Jordan Weins has become the first researcher to claim a huge miles bounty form United Airlines in return for reporting a remote-code execution error in their site.
Back in May United Airlines began offering mile rewards for reporting bugs in their online systems. The move was largely a response to criticism the airline faced after it booted a programs researcher off one of its flights. The boot was a punishment they saw fit when the researcher tweet about an exploit he found in the flights onboard systems. The mile rewards is offered in tiers depending on the severity of the issue found and of course reported.
United said it will reward the finding of “basic third-party issues affecting its systems with 50,000 miles, exploits that could jeopardize the confidentiality of customer information get 250,000 miles, and major flaws related to remote-code execution earn a maximum of 1,000,000 miles.” Other companies have also been known to offer bounties in an attempt to dissuade savvy programmers from taking advantage of flaws and instead turn them in for cash.
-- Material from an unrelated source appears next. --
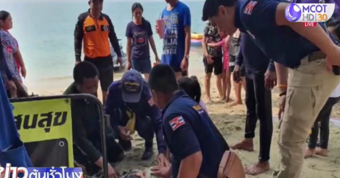 เจ้าหน้าที่ป้องกันและบรรเทาสาธารณภัยเทศบาลเมืองแสนสุข จังหวัดชลบุรี เร่งปฐมพยาบาลเด็กชายวัย 2 ขวบ ที่ผู้ปกครองเพิ่งช่วยเหลือขึ้นมาจากการจมน้ำ ระหว่างลงเล่นน้ำทะเลที่หาดบางแสน แล้วเห็นว่าเด็กชายซึ่งสวมเสื้อชูชีพ อยู่ในสภาพคว่ำหน้าลงกับน้ำทะเล

The list includes heavy-weight tech names like Google, Facebook, and Yahoo!.
It was the first time that Weins had ever submitted to a bug bounty program, and he had no intention of receiving the grand prize. “There were actually two bugs that I submitted that I were pretty sure were remote code execution, but I also thought they were lame and wasn’t sure if they were on parts of the infrastructure that qualified,” Wiens told the ThreatPost security blog. “My expectation was that they counted, but I figured they’d award me 50,000 miles or something smaller.” One can imagine his surprise when United Airlines contacted Weins and told him to check his account, wherein he found many a vacation waiting for him.
While the gesture is certainly good for United publicity, it may also serve as bait for future researchers to submit, hoping to get the grand prize. Best of luck to all the hackers out there.